WO2003035573A1 - Hybrid fibre composite precursor - Google Patents

Abstract

Natural organic fibres can be mass treated to produce a hybrid construction material with improved surface water permeability, improved fire resistance, improved early flexural strength, and which can be used as a reinforcing material for cement or concrete by mass mixing in a polymer organic self-curing precursor/sodium silicate solution, followed by mass treatment with a mineral acid/salt solution and then contacted with an aluminium containing solution or paste.

Description

HYBRID FIBRE COMPOSITE PRECURSOR

The present invention relates to a building material, which is based on modified natural fibres precursor mass treated to make them more suitable for use in manufacturing mass products for construction and building.

It is also known to use natural fibres as a filler in concrete, however the concrete will attack and degrade natural fibres and make them unsuitable for such use.

It is also known to use inorganic compound 'treated' organic natural fibres in cement to make organic natural fibre cement however water permeates through the surface of such products or dampens them and makes them sag to become mechanically weaker and unsuitable for external cladding and waterproofing.

It is also known to include polymers in fibrous cement during manufacturing to produce macro-defect free ement, which has improved water resistance but in the highlighted processes this results in clogging up of the mixing machinery and loss of polymer additive during the process.

In many parts of the world, supplies of organic natural fibrous materials are available either as a natural organic material or as a waste product or by-product of other processes, such as cotton lint waste, waste from wood pulp manufacture, etc. and I have now devised a method of mass treating organic natural fibrous products to enable them to be used as an improved reinforcing material and as a strength gain accelerator, a binding or processing aid product in fibre cement manufacture.

According to the invention there is provided a method of mass treating pumped organic fibrous material which method comprises (i) contacting the organic fibrous material dispersion with a mixture of the polymer precursor (adduct, semi-cured, oxidizing or reducing) and sodium silicate and (ii) contacting the treated material with an acid to deposit polymer precursor-silicate hybrid, an polymer precursor-silicic acid or polymer precursor- polysilic acid on the fibrous material and then (iii) contacting the treated fibrous material with an aluminium oxide containing compound. The sodium silicate is preferably a neutral or alkaline solution e.g. of the type commonly known as water glass. The stoichiometric composition for a neutral composition of sodium silicate is a SiO₂:Na₂O ratio of 3.3:1 and for an alkaline sodium silicate a SiO₂:Na₂O ratio of <3.3: 1. A typical alkaline grade sodium silicate has a SiO₂: Na₂O ratio of 2: 1.

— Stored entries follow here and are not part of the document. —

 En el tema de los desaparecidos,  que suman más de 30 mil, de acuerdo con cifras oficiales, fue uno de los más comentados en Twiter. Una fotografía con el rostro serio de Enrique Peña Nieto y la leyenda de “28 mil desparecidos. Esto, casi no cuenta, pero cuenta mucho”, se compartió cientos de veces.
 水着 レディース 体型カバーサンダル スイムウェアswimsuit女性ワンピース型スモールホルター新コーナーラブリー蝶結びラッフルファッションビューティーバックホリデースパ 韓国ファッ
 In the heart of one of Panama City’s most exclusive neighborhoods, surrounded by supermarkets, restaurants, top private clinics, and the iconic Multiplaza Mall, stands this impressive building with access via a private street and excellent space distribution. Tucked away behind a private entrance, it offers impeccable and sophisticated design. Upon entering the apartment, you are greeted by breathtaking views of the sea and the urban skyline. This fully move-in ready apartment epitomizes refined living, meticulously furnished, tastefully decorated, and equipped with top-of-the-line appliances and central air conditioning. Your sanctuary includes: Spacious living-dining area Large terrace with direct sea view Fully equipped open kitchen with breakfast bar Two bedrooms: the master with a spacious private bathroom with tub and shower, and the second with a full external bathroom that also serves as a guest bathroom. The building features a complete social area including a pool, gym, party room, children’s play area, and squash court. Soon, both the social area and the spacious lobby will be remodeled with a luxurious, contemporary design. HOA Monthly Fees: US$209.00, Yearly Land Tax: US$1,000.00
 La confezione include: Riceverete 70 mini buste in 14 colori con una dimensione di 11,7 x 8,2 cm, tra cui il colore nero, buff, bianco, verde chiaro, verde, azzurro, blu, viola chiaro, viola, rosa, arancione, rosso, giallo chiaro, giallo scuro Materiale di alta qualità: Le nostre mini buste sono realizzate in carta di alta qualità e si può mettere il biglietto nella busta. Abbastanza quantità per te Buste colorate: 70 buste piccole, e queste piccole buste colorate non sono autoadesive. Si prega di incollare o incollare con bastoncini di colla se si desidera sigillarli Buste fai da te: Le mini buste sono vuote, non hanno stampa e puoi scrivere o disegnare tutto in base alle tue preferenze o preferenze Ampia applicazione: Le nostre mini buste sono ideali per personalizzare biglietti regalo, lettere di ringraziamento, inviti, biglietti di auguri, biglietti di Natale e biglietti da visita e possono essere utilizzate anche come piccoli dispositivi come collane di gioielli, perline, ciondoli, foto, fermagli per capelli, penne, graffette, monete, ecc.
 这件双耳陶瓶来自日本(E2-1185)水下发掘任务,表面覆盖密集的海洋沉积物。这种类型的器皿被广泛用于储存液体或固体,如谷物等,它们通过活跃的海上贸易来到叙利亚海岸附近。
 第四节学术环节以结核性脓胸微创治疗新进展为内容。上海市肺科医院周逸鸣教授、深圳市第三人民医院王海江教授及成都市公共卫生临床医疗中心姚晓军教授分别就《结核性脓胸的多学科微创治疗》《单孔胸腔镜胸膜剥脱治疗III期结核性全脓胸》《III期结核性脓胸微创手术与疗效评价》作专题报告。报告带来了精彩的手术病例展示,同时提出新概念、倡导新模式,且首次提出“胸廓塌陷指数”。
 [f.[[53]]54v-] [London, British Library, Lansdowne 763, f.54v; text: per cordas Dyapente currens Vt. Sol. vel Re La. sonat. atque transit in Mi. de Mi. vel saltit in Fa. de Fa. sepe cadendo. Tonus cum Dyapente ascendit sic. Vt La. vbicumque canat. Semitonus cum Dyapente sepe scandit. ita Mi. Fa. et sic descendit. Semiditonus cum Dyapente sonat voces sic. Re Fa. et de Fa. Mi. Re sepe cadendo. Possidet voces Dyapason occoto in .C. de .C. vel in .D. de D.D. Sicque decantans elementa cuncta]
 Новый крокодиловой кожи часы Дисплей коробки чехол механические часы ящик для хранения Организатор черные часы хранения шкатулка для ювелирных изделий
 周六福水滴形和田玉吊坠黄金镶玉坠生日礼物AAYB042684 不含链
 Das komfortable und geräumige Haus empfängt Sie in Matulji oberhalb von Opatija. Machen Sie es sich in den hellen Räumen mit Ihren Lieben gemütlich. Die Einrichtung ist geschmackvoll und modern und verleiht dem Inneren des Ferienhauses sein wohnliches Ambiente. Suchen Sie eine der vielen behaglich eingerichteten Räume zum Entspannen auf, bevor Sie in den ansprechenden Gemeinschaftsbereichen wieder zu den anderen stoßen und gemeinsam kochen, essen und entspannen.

The organic polymer precursor can take the form of any liquid two part or one part 'self- curing polymeric species, e.g. acetic acid/acetic anhydride or epoxy based adducts, polyvinyl or acetate, acrylic acrylate, polyurethane based or alkyd resin based preferred. The quantity of polymer precursor to silicate solution is 1 : 10.

Preferably a solution of sodium silicate is used in which the viscosity of the solution is low enough to enable the sodium silicate solution to flow over the fibrous material and to penetrate the fibres. A typical commercially available solid concentration is 40% solids content, which is about 142 g/1 for a neutral grade sodium silicate solution and 99g/l for an alkaline grade sodium silicate, but these concentrations are not critical.

Preferably the fibrous material is mass treated in a water dispersion preferably in a pipe/confined volume as shown in the diagram (Fig 5) as it is pumped through the system to allow enough mixing time and make use of the turbulence in the pipe during transport to allow the organic polymer precursor/silicate solution to interact with all the fibrous material.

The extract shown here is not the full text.